Slow pace of digitisation costing procurement £1.9m a year

Less than half (45 per cent) of procurement processes have been digitised, with paper-based or manual processes costing UK businesses an average of £1.94 million per year, according to new research.

A Vanson Bourne survey of 200 procurement, supply chain and finance professionals for procurement firm Ivalua found that procurement teams are spending almost a third (31 per cent) of their time dealing with analogue processes, with 71 per cent of respondents believing that the rate of digitisation is holding them back from doing their jobs.

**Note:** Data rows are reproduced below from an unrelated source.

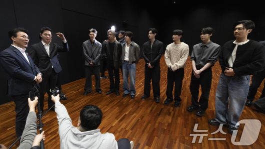 (서울=뉴스1) 청사사진기자단 = 김민석 국무총리가 21일 오후 문화컨텐츠 현장방문의 일정으로 용산구 하이브를 방문 KPOP 보이그룹 엔하이픈 안무연습실에서 대화를 나누고 있다. 2026.1.21/뉴스1seiyu@news1.krCopyright ⓒ 뉴스1. All rights reserved. 무단 전재 및 재배포, AI학습 이용 금지.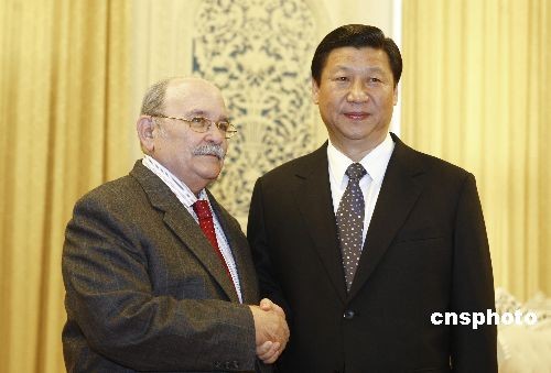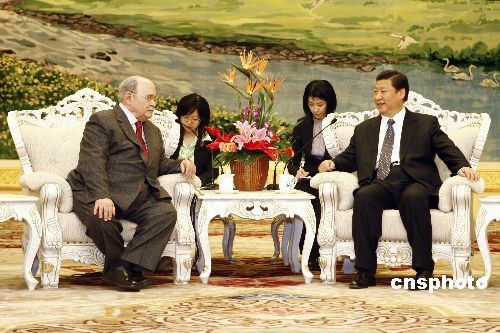 2月27日,中國(guó)國(guó)家副主席習(xí)近平在北京人民大會(huì)堂會(huì)見第63屆聯(lián)合國(guó)大會(huì)主席布羅克曼。中新社發(fā) 盛佳鵬 攝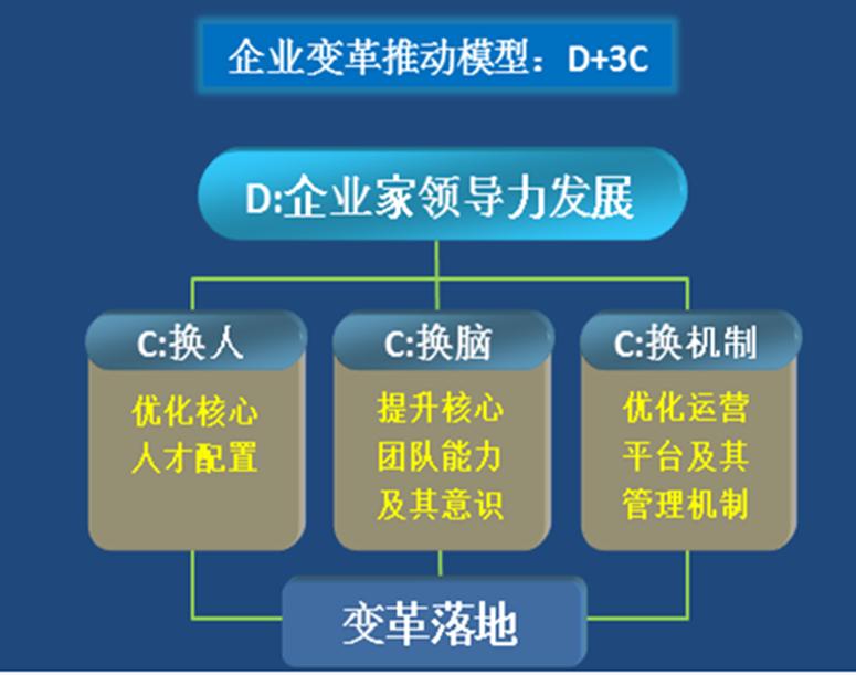 我們再來看看企業(yè)變革的問題:企業(yè)變革是一個復雜的系統(tǒng)工程,企業(yè)變革之所以復雜,因為涉及到企業(yè)核心競爭能力和優(yōu)勢的重構,這個重構的過程,就需要對企業(yè)家領導力按照企業(yè)戰(zhàn)略的需要進行針對性發(fā)展,對核心團隊進行必要調整,對骨干員工專業(yè)能力和工作優(yōu)意識進行針對性提升,同時對管理機制進行優(yōu)化。企業(yè)變革的推動模型,詳見下圖:

A large majority (85 per cent) of respondents also said that procurement in their businesses was less digitally mature compared to other departments, such as marketing, human resources or accounting.

When it came to supplier management, two thirds of businesses admitted they were still reliant on manual and paper based processes, while 45 per cent of purchasing is conducted non-digitally, followed by invoicing (41 per cent) and budget management (39 per cent).

The survey also found that a lack of digitisation limits the time spent on strategic tasks (77 per cent), prevents automation of low-value tasks like invoicing (70 per cent) and prevents teams from getting insights into spend and supplier management (67 per cent).

Overall, the vast majority (97 per cent) of businesses are starting to invest in technology to digitise procurement, with data analytics (67 per cent), cloud-based platforms (62 per cent), artificial intelligence (40 per cent) and digital assistants (40 per cent) being the areas seeing the most focus.

Alex Saric, chief marketing officer at Ivalua said: “Procurement is perfectly placed to help manage this growing risk landscape, support innovation and create sustainable cost savings – however, the lack of digitisation is holding procurement teams back.

“Whilst functions such as accounting and marketing have embraced digitisation and made great strides over time, procurement at most organisations has remained a digital laggard, leaving many businesses unprepared to face today’s rapidly shifting business landscape.”